Given entries START

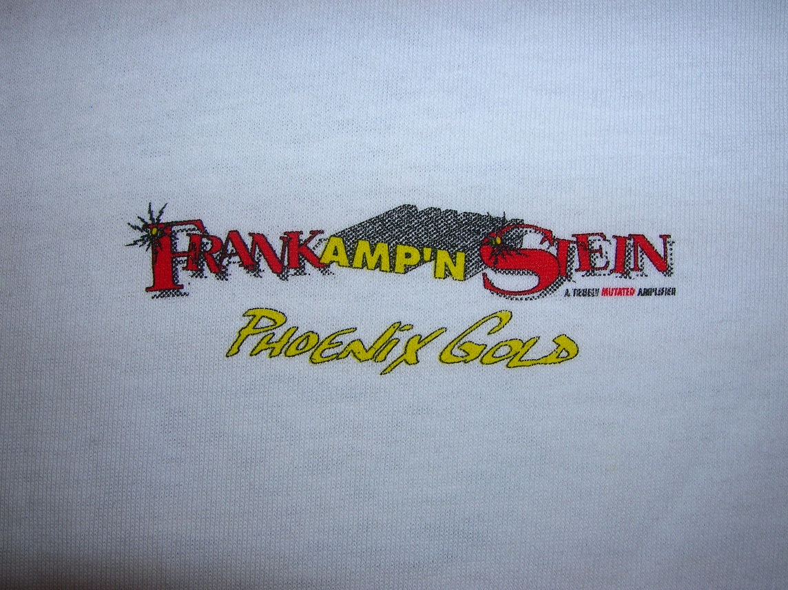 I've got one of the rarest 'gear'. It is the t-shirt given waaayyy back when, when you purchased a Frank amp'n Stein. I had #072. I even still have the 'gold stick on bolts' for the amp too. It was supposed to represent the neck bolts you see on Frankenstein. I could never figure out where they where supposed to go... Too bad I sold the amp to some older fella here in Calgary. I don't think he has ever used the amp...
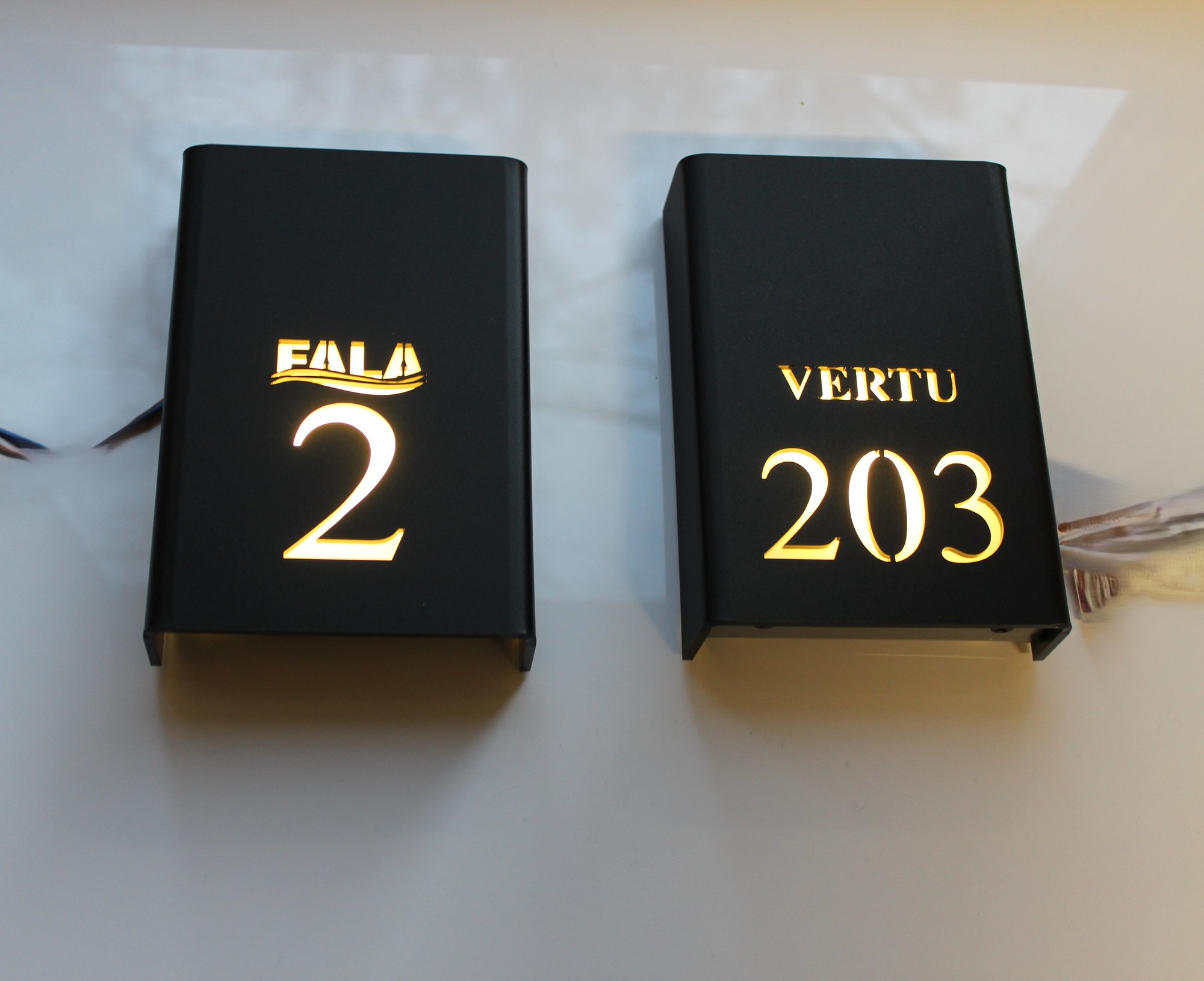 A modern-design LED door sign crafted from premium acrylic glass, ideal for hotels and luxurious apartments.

Given entries END
Given entries START

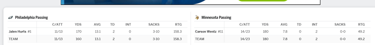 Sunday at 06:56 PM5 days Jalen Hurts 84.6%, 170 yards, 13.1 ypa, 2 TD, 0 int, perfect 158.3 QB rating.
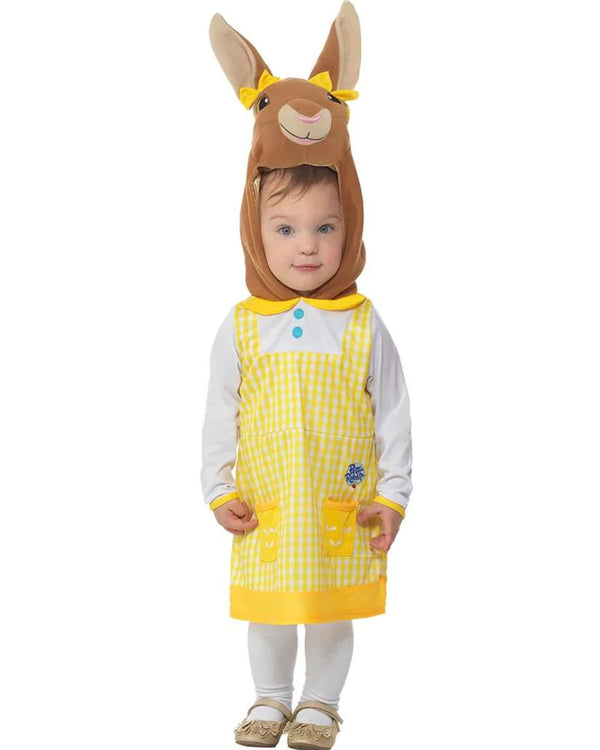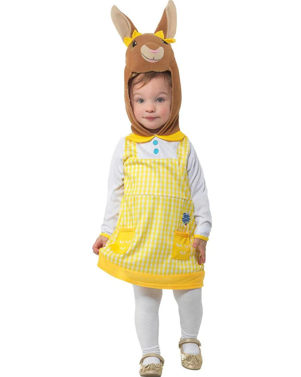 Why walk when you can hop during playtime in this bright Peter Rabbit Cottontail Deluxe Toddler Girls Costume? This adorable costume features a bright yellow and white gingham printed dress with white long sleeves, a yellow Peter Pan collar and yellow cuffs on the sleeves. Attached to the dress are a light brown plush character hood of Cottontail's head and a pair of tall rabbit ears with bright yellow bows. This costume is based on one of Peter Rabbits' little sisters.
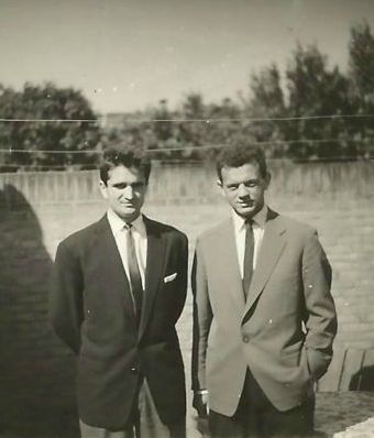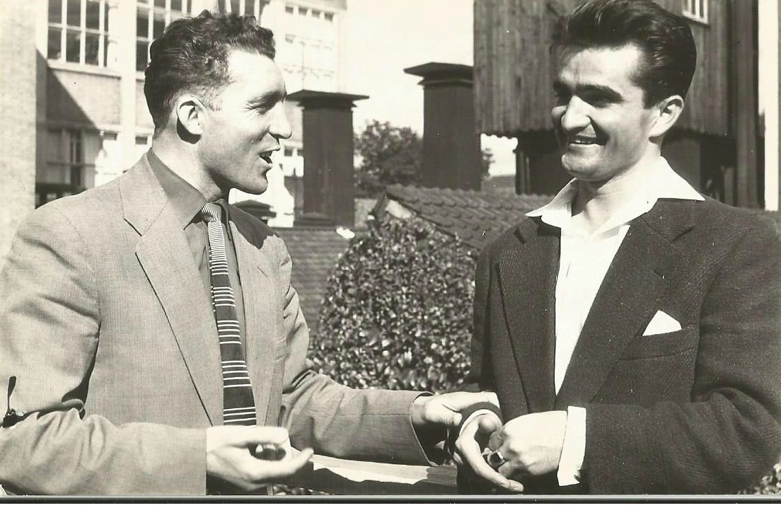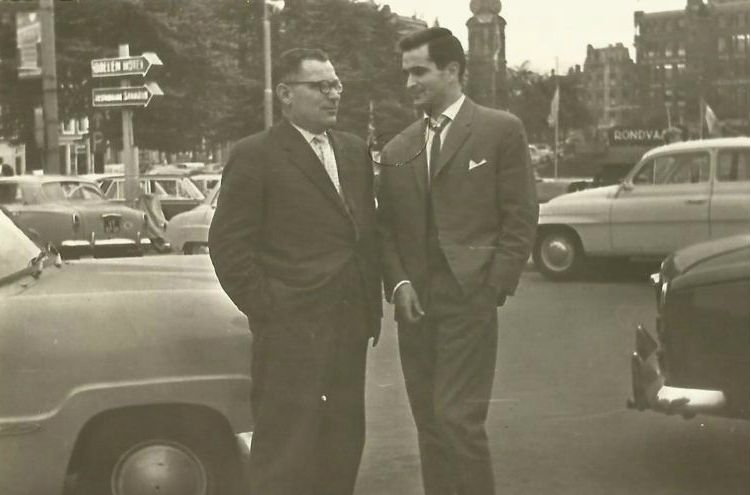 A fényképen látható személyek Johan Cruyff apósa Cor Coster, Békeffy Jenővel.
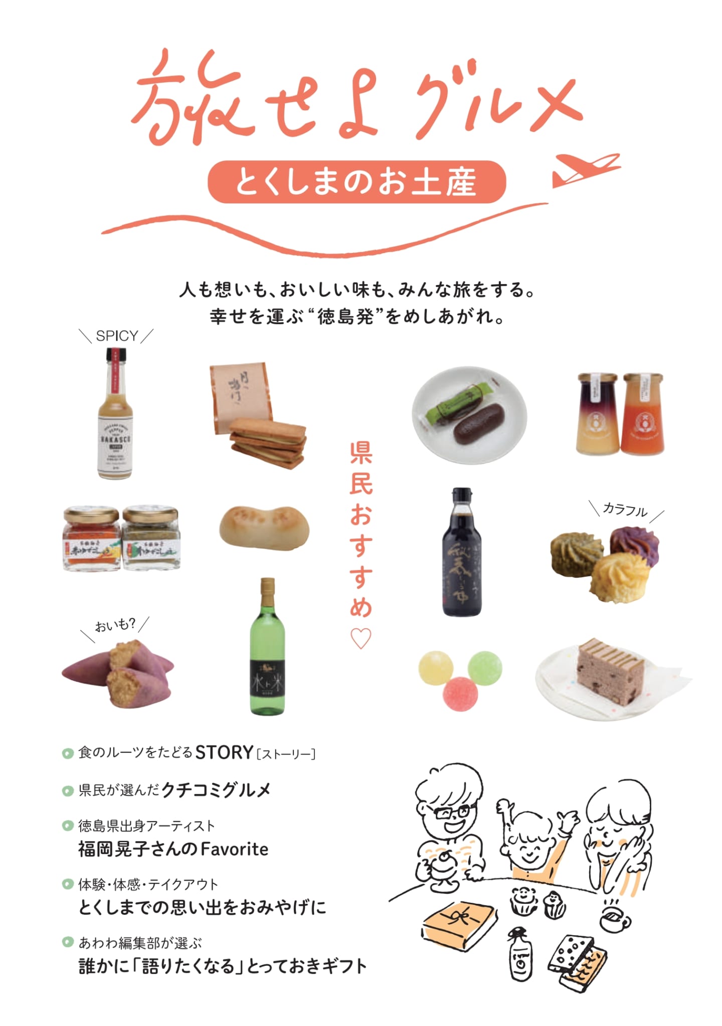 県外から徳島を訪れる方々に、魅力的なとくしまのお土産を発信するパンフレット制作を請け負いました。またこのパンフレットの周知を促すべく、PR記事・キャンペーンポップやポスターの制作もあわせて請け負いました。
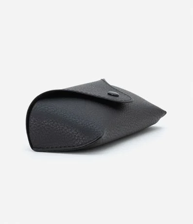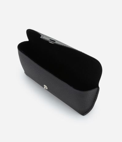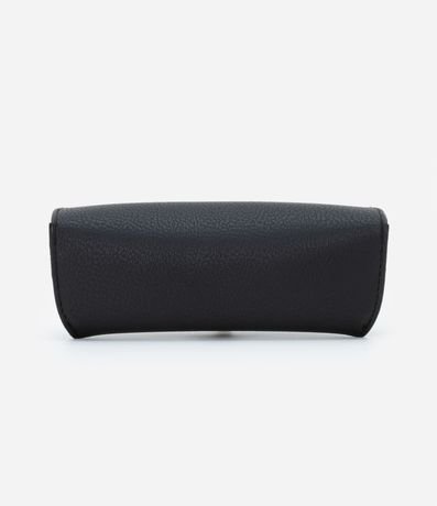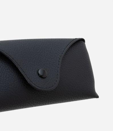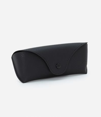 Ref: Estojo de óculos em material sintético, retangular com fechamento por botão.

Given entries END
Given entries START

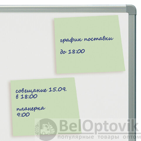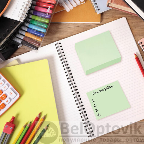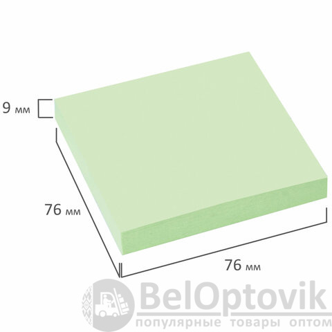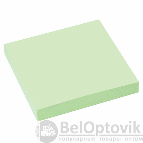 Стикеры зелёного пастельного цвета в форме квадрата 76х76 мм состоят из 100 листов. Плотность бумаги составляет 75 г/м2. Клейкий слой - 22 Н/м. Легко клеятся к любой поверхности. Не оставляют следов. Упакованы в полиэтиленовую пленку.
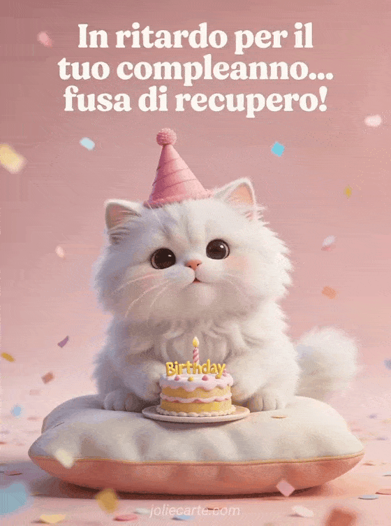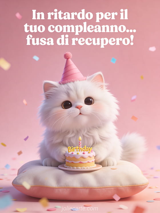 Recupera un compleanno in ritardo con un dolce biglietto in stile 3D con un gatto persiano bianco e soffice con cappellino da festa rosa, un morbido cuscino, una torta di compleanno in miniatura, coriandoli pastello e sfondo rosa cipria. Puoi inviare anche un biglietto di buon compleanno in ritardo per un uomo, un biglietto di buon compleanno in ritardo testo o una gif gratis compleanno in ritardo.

Given entries END

What you need to do: With pictures excluded, reproduce exactly the lines above from the one containing "I've got one" down to the one containing "A modern-design LED", those two included.

Task solution:
 I've got one of the rarest 'gear'. It is the t-shirt given waaayyy back when, when you purchased a Frank amp'n Stein. I had #072. I even still have the 'gold stick on bolts' for the amp too. It was supposed to represent the neck bolts you see on Frankenstein. I could never figure out where they where supposed to go... Too bad I sold the amp to some older fella here in Calgary. I don't think he has ever used the amp...
 A modern-design LED door sign crafted from premium acrylic glass, ideal for hotels and luxurious apartments.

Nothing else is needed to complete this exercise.